### Problem description
The answer should be every line below, repeated exactly, with the images left out.

### The data
▼▼▼

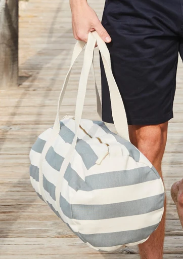 Diese handliche Reisetache in maritimen Stil kommt nie aus der Mode! Für Kurztrips, zum Yogaunterricht, für Festivals, Events einfach ein modischer, zweckdienlicher Wegbegleiter.
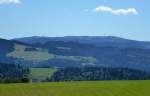 Blick vom Ortsteil Thurner über die Schwarzwaldhöhen, links der 1241m hohe Kandel, rechts im Hintergrund der Ort St.Märgen, Juni 2015
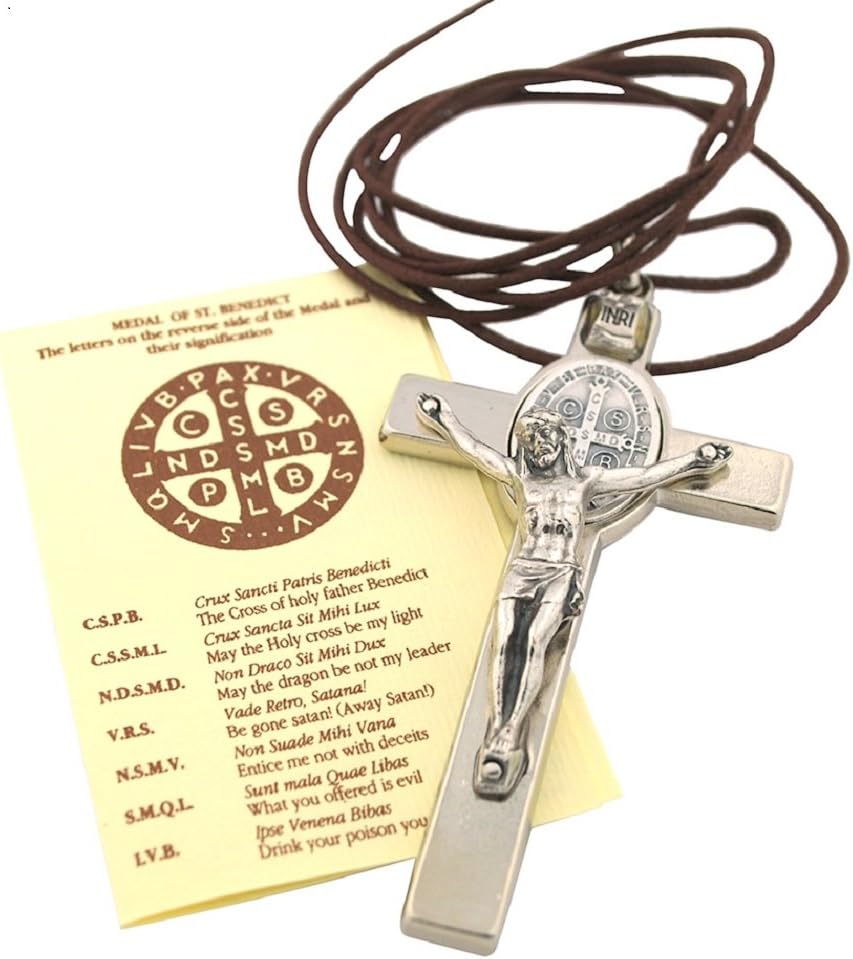 امنح نفسك أو لأحبائك هدية صليب القديس بنديكت الجميلة مقاس 3 انش مع ميدالية سانت بنديكت البيضاوية لأي مناسبة خاصة أو عطلة. مصنوعة على يد حرفيين أصليين وأنيقين، كل من هذه الصليبات مصنوعة من معدن فضي لامع ومتين ومينا ملونة. يأتي كل صليب مع كتيب معلومات عن ميدالية القديس بنديكت وحبل من النايلون. امنح نفسك أو لأحبائك صلبًا في أي مناسبة خاصة أو عطلة مثل الكريسماس أو عيد الفصح أو المناولة الأولى أو أعياد الميلاد أو الذكرى السنوية. اعلم أنه سيتم الاعتزاز به لسنوات قادمة.

▲▲▲

### Task answer
 Diese handliche Reisetache in maritimen Stil kommt nie aus der Mode! Für Kurztrips, zum Yogaunterricht, für Festivals, Events einfach ein modischer, zweckdienlicher Wegbegleiter.
 Blick vom Ortsteil Thurner über die Schwarzwaldhöhen, links der 1241m hohe Kandel, rechts im Hintergrund der Ort St.Märgen, Juni 2015
 امنح نفسك أو لأحبائك هدية صليب القديس بنديكت الجميلة مقاس 3 انش مع ميدالية سانت بنديكت البيضاوية لأي مناسبة خاصة أو عطلة. مصنوعة على يد حرفيين أصليين وأنيقين، كل من هذه الصليبات مصنوعة من معدن فضي لامع ومتين ومينا ملونة. يأتي كل صليب مع كتيب معلومات عن ميدالية القديس بنديكت وحبل من النايلون. امنح نفسك أو لأحبائك صلبًا في أي مناسبة خاصة أو عطلة مثل الكريسماس أو عيد الفصح أو المناولة الأولى أو أعياد الميلاد أو الذكرى السنوية. اعلم أنه سيتم الاعتزاز به لسنوات قادمة.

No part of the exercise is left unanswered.